Exercise aim: The pictures get left out, but everything else in the listing below must be duplicated exactly.
(Beginning of Information shown)
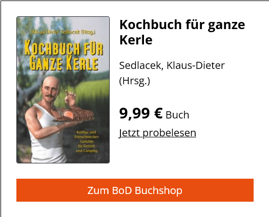 Das Beste aber ist die Einfachheit der Rezepte, die es sogar ganzen Kerlen ermöglichen, ohne kochtechnischen Aufwand, in wenigen Minuten die beeindruckendsten Gerichte hervorzuzaubern. Und das ist es, was dieses Kochbuch für die Verwendung beim Camping oder in der Freizeit ganzer Kerle prädestiniert.
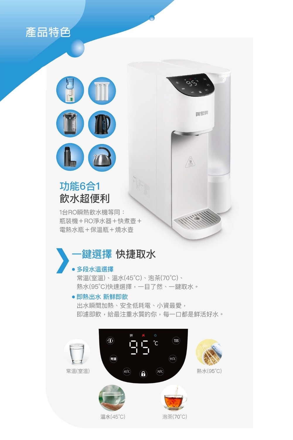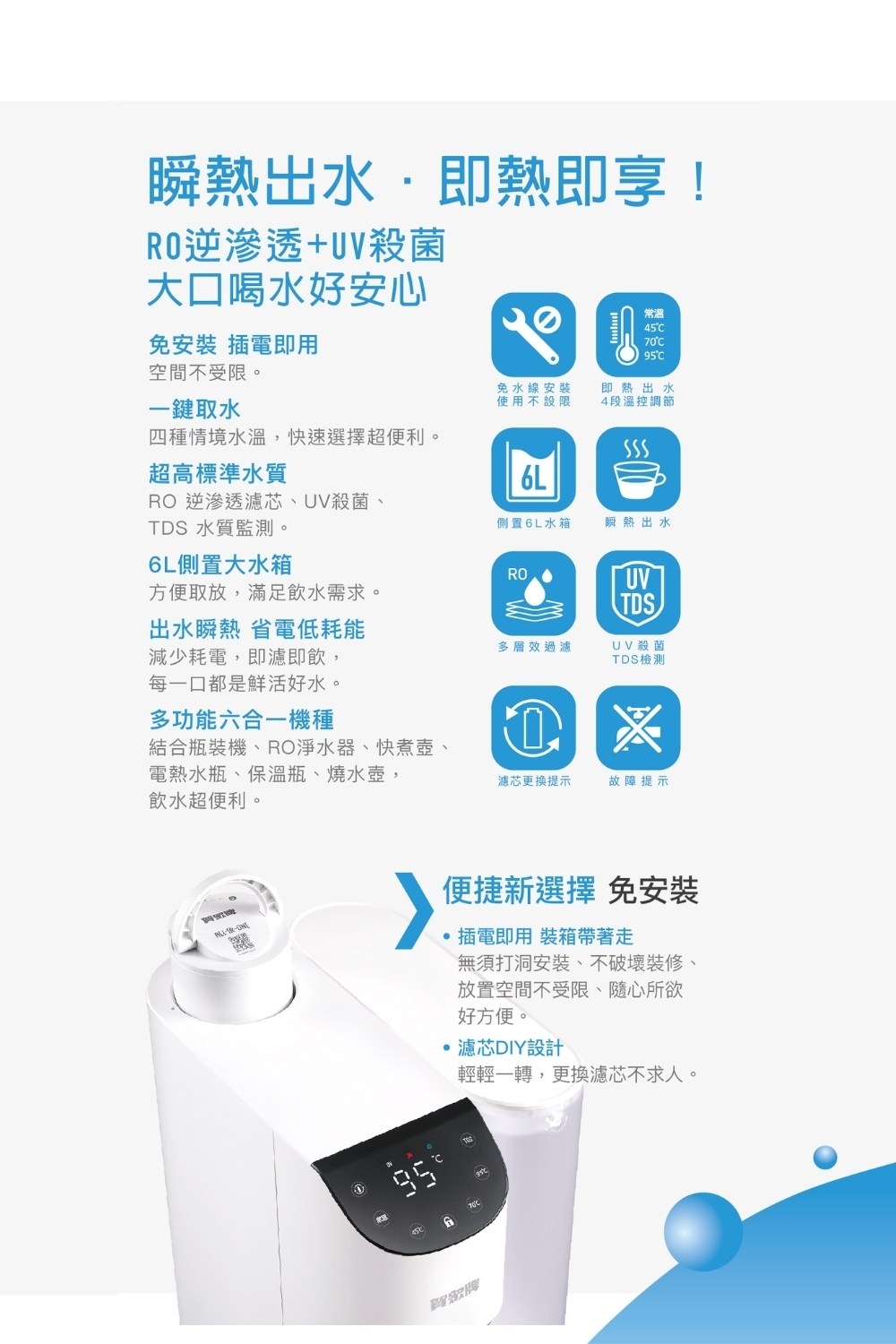 賀眾牌 UR-3322ELB-1 瞬熱飲水機(免安裝/TDS檢測/桌上型/瞬熱/RO逆滲透/UV殺菌)
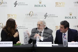 София (22 октомври 2025) В концертен комплекс "България" се провежда пресконференция по повод международния конкурс за млади оперни певци „Опералия 2025“, организиран от продуцентската компания на оперната прима Соня Йончева - SY11 Events и Софийската филхармония. На снимката (от ляво надясно): оперната прима Соня Йончева, тенорът Пласидо Доминго и вицепрезидентът на "Опералия" Алваро Доминго.
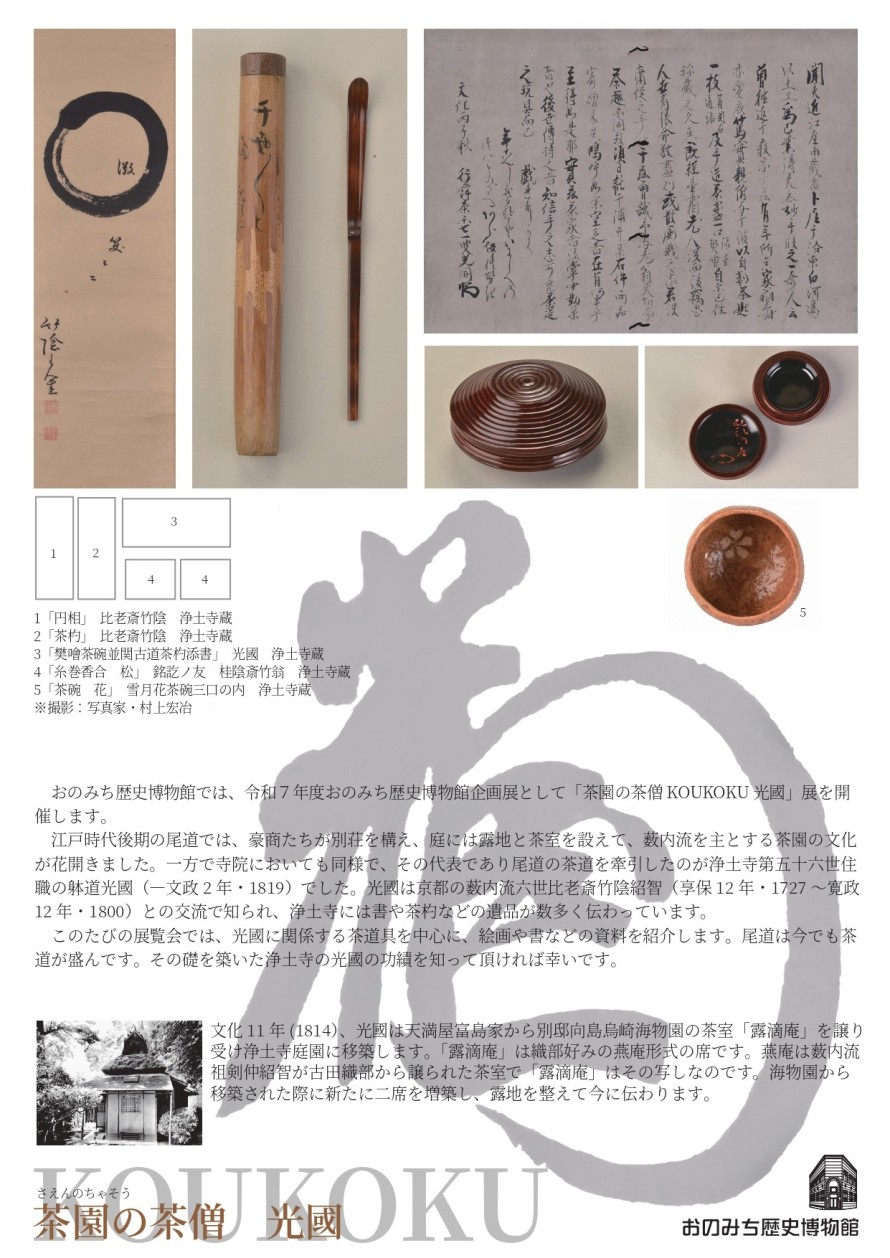おのみち歴史博物館にて、令和7年度企画展Ⅱ「茶園の茶僧 KOUKOKU 光國」を開催します。
(End of Information shown)
Solution:
 Das Beste aber ist die Einfachheit der Rezepte, die es sogar ganzen Kerlen ermöglichen, ohne kochtechnischen Aufwand, in wenigen Minuten die beeindruckendsten Gerichte hervorzuzaubern. Und das ist es, was dieses Kochbuch für die Verwendung beim Camping oder in der Freizeit ganzer Kerle prädestiniert.
 賀眾牌 UR-3322ELB-1 瞬熱飲水機(免安裝/TDS檢測/桌上型/瞬熱/RO逆滲透/UV殺菌)
 София (22 октомври 2025) В концертен комплекс "България" се провежда пресконференция по повод международния конкурс за млади оперни певци „Опералия 2025“, организиран от продуцентската компания на оперната прима Соня Йончева - SY11 Events и Софийската филхармония. На снимката (от ляво надясно): оперната прима Соня Йончева, тенорът Пласидо Доминго и вицепрезидентът на "Опералия" Алваро Доминго.
おのみち歴史博物館にて、令和7年度企画展Ⅱ「茶園の茶僧 KOUKOKU 光國」を開催します。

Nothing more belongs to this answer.